To access the bundled example codefiles for use with net get:

net get codescan, from("https://raw.githubusercontent.com/tpcopeland/Stata-Tools/main/codescan") replace

Commands

Command Description
codescan Scan wide-format code variables and generate indicators, counts, summaries, or scores
codescan_describe Inspect the raw code inventory before writing scan rules

Bundled Example Codefiles

File Purpose
charlson_icd10_example.csv Charlson ICD-10 definitions with Quan et al. (2011) weights
elixhauser_icd10_example.csv Elixhauser ICD-10 definitions with van Walraven et al. (2009) weights

These can be requested directly by basename in codefile() — no path needed.

How It Works

The recommended workflow has four steps:

  1. Inspect the code inventory with codescan_describe. This shows which codes and chapter prefixes actually occur in your data, and suggests patterns to target.
  2. Draft simple rules with define() and check the row-level results. At this stage the created variables appear alongside the original data so you can verify matches.
  3. Choose the output shape. Stay row-level for auditing, collapse to one row per id(), or merge patient-level summaries back to encounter rows.
  4. Add advanced features last. Once basic matches look right, layer on time windows (lookback()/lookforward()), date summaries (alldates), hierarchy rules, scoring, and export/save options.

Worked Examples

1. Build a small toy dataset

codescan is designed for wide-format code slots, so the examples use a compact inline dataset representing five encounters for three patients, with diagnosis codes, a procedure code, and dates.

clear
input long pid str6 dx1 str6 dx2 str6 proc1 double visit_dt double index_dt
1 "E110" "I10"  "XF001" 21914 21915
1 "Z00"  "E119" ""      21880 21915
2 "I50"  ""     "JFB10" 21900 21915
2 "E102" ""     ""      22020 21915
3 "Z00"  ""     ""      21910 21915
end
format visit_dt index_dt %td

2. Inspect the code inventory before writing rules

Start here when you do not yet know which prefixes or patterns are in the raw data. codescan_describe tabulates unique codes across wide-format variables, showing the top N by frequency and a chapter summary grouped by first character.

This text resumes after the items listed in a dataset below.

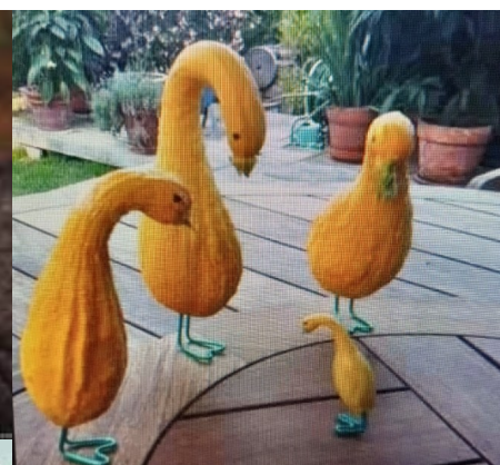
THE NEWCOMER IF THE MOST IMPORTANT PERSON IN THE ROOM

"A nun I know once told me she kept begging God to take her character defects away from her.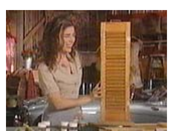
Touch up bare spots as needed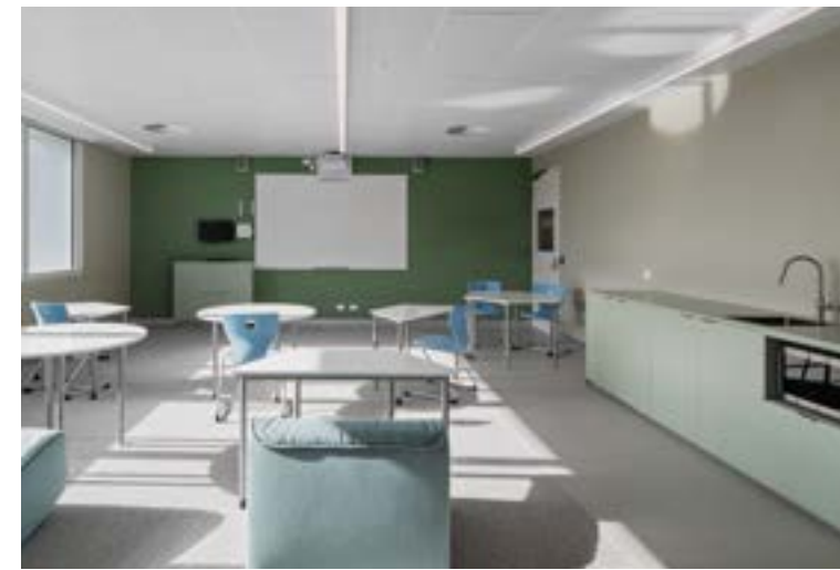
Colour and material choices were key in the creation of calm spaces to provide nurturing environments for the students.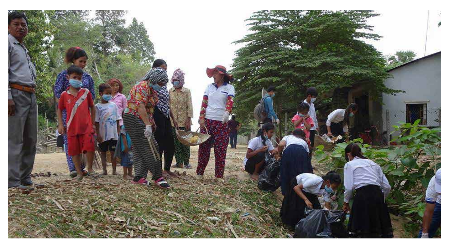
Community Clean Up Activity

Linking social capital is defined as vertical linkages, such as relationships between people or institutions with unequal power or resources.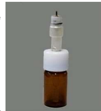
Keep in 012108 Preservative vial (option)

If don't use the electrode for long time, please seal the connect part between main body(a) and holder(c) with parafilm and soak in saturated KCl solution. If you have some mistakes on the electrode keeping, the electrode potential might be changed and the liquid junction might be broken.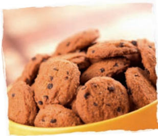
Fig. 1: Comparing cookie hardness (g).

On the other hand, a cook-up native waxy rice starch, like our Remyline XS, improves the brittle texture mostly lacking with fat-reduced gluten-free cookies. Additionally, our rice syrup Remylose 58 80 is most suitable in gluten-free products imparting both taste and texture to the product.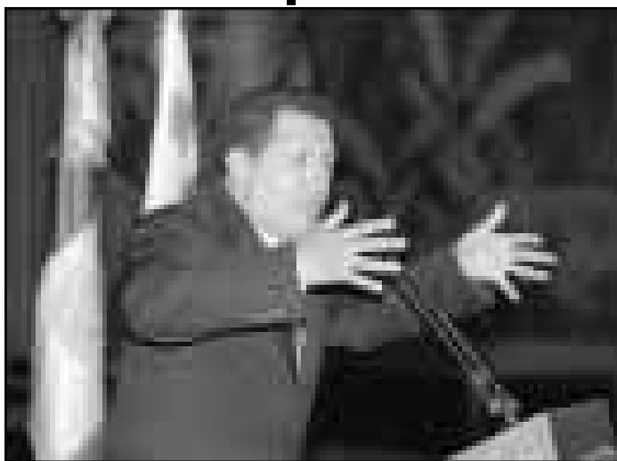
■ Hugo Chávez, once again under pressure from a right-wing coup, and (right) Roger Noriega: threats

The purpose of the operation, according to one of the anti-Chávez generals, was to "steal arms from the base to give to a 3,000 strong paramilitary group". Their ultimate aim, to cause a crisis of stability in Venezuela giving the necessary pretext for an intervention by Colombia's armed forces.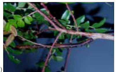
Photo 5. Huckleberry dieback.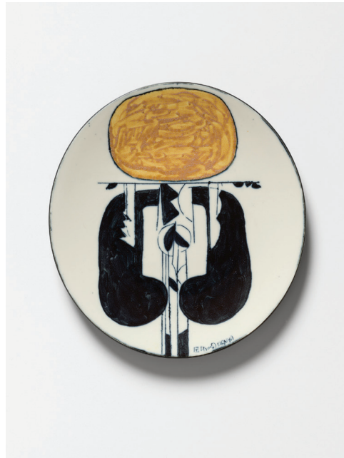
4. Howard Smith for Arabia Calligraphy , 1986 Stoneware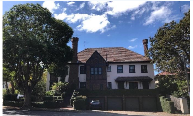
692 Orrong Road, Toorak.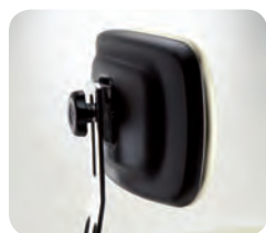
Classic and Value Series Backrest

© Midmark Corporation 2005 Products subject to improvement changes without notice. Litho in U.S.A. 007-0558-00 Rev. D1 (3/08)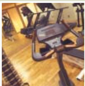
Relax and Unwind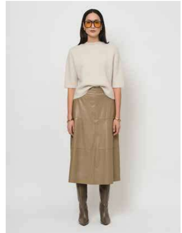
52.MA.04 Alpaca short sleeve sweater | 52.FK.05L Leather A-line skirt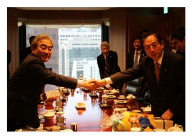
Meeting with Dr.Yoo Jinryong Minister of Culture, Sports and Tourism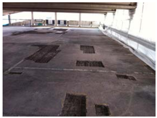
Fig. 3: Corroded areas prepared for patching

system may not be completely effective to control corrosion over the entire structure and multiple solutions, which work in combination with each other, could enhance the protective effect of each system.

codescan_describe dx1 dx2, top(10)

You can also save a draft CSV codefile from the chapter summary:

codescan_describe dx1 dx2, save(chapter_rules.csv)

3. Start with a row-level scan

This is the simplest use case. It creates one 0/1 output variable per named condition. Keep the first pass simple and verify the matches before adding windows or patient-level aggregation.

codescan dx1 dx2, define(dm2 "E11" | htn "I1[0-35]" | chf "I50")

After this command, dm2 is 1 on rows where dx1 or dx2 starts with E11; htn is 1 where either slot starts with I10, I11, I12, I13, or I15; and chf is 1 for I50*.

4. Collapse to one row per patient with a lookback window

Once the rule set looks right, add IDs and dates. lookback(365) limits matches to the prior year relative to refdate(), and alldates requests _first, _last, and _count date-summary variables for each condition.

codescan dx1 dx2, id(pid) date(visit_dt) refdate(index_dt) ///
    define(dm2 "E11" | htn "I1[0-35]" | chf "I50") ///
    lookback(365) inclusive collapse alldates

5. Use exclusion patterns

Use ~ after the inclusion pattern to exclude specific codes. Here dm2 matches all E11* codes except E116:

codescan dx1 dx2, define(dm2 "E11" ~ "E116" | htn "I1[0-35]")

6. Prefix matching for procedure codes

regex is the default. Switch to mode(prefix) when simple starts-with logic is enough and you do not need regex features. Pipe-separated tokens are alternative prefixes.

codescan proc1, define(mammo "XF001|XF002" | colectomy "JFB|JFH") mode(prefix)

7. Save reusable definitions, then load them back as a codefile

This is the transition from ad hoc rule drafting to a reusable dictionary workflow. save() writes the parsed define() rules to a CSV, and codefile() reads them back.

codescan dx1 dx2, define(dm2 "E11" | htn "I1[0-35]") save(dm_rules.csv)
codescan dx1 dx2, codefile(dm_rules.csv)

8. Compute a Charlson score from the bundled example codefile

The bundled example names are recognized directly by codefile() — no path needed. hierarchy() zeroes out the less-severe condition when both members of a pair are present, before scoring.

codescan dx1 dx2, codefile(charlson_icd10_example.csv) id(pid) collapse ///
    score(charlson) ///
    hierarchy(dm_comp > dm_uncomp \ liver_severe > liver_mild \ metastatic > cancer)

After this command, each patient has a _score variable containing the weighted Charlson comorbidity index.

9. Non-destructive workflow with frames

frame() stores the collapsed result in a named frame, leaving the original data untouched. This is the recommended pattern when you need both encounter-level data and a patient-level summary in the same session.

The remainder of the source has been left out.